PROBLEM STATEMENT: Read the records beneath this task and copy every line that contains the string "with".

DATA TO PROCESS:
*** Block opens ***
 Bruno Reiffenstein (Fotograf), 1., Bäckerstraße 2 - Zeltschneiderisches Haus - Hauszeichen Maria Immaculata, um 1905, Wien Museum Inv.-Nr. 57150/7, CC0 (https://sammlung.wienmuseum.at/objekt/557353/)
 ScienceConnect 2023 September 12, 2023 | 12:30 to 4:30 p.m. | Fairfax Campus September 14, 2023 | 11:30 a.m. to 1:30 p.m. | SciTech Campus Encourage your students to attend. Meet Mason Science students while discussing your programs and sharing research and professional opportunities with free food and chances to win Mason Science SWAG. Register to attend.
*** Block closes ***
*** Block opens ***
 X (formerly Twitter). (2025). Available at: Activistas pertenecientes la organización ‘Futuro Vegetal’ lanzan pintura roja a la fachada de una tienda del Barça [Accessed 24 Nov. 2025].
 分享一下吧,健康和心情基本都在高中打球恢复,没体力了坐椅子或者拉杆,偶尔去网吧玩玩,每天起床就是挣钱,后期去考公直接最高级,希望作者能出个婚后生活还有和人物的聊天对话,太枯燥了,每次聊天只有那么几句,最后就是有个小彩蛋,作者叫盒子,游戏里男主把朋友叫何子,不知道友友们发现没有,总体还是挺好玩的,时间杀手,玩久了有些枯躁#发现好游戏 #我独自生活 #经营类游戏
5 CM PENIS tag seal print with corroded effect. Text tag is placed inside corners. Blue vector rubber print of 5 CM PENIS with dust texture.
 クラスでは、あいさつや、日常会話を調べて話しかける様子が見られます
*** Block closes ***
ANSWER SECTION:
 ScienceConnect 2023 September 12, 2023 | 12:30 to 4:30 p.m. | Fairfax Campus September 14, 2023 | 11:30 a.m. to 1:30 p.m. | SciTech Campus Encourage your students to attend. Meet Mason Science students while discussing your programs and sharing research and professional opportunities with free food and chances to win Mason Science SWAG. Register to attend.
5 CM PENIS tag seal print with corroded effect. Text tag is placed inside corners. Blue vector rubber print of 5 CM PENIS with dust texture.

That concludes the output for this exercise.